Stephane Rochet, CF-L3

April 1, 2026

The Setup Nobody Checks: Why Stance and Grip Matter More Than You Think

Here’s a question: what’s the first thing you do when you set up for a lift?

If your answer isn’t “check my stance and grip,” you’re missing the foundation of every movement you do in CrossFit. And you’re not alone. This is one of the most overlooked aspects of training, even among experienced athletes.

But here’s the truth: sometimes a movement looks inefficient or demonstrates faulty mechanics not because the athlete lacks strength or mobility, but simply because their feet or hands are in the wrong position. Adjust the foot placement and hand position, and suddenly the movement clicks.

If you’d rather watch and listen to this conversation, you can do that here.

You can also find our other information on common movement themes here:

What We’re Really Talking About

Establishing an effective stance and grip means having foot placement and hand position that are ideal for the task at hand. This allows you to:

  1. Complete the movement.
  2. Execute the points of performance correctly.
  3. Transfer force efficiently.
  4. Maintain proper balance and stability.
  5. Access the range of motion you need.

It sounds simple, but it’s surprisingly specific. We’re not talking about “somewhere around here.” We’re saying your feet need to be exactly here, and your hands need to be exactly here.

Why This Gets Overlooked

Even experienced athletes will walk up to a barbell and set up with their feet in the wrong position.

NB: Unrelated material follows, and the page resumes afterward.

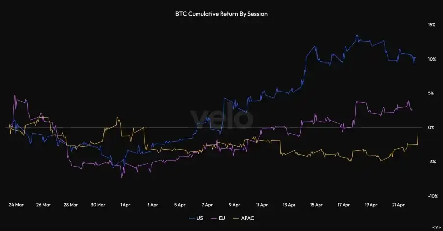 然而,单靠这一点还不足以完全解释盘面走势。截至 4 月 19 日的一周内,Strategy 高达 25.4 亿美元的买入量超过了 ETF 的净流入量。这印证了一个更合理的解读:不是“ETF 缺席了”,而是 ETF 和 Strategy 都在买,且 Strategy 的买盘规模足够庞大,已成为市场上最重要的边际买盘之一,这也完全吻合交易时段的图表走势。既然几乎所有的收益都落在美国交易时段,而且美国最大的买家之一砸下了 25.4 亿美元,那么 Strategy 对 BTC 价格的绝对影响力是不言而喻的。

As a coach, if you’re not in charge of checking stance and grip, you’ll find yourself adjusting every single athlete’s setup for every single rep. It should be automatic. It should be part of your setup routine for every movement, right alongside taking a breath and bracing your core.

But people just don’t see the importance of it. They don’t realize how specific it needs to be. Or they know intellectually that it matters, but they don’t actually check it consistently.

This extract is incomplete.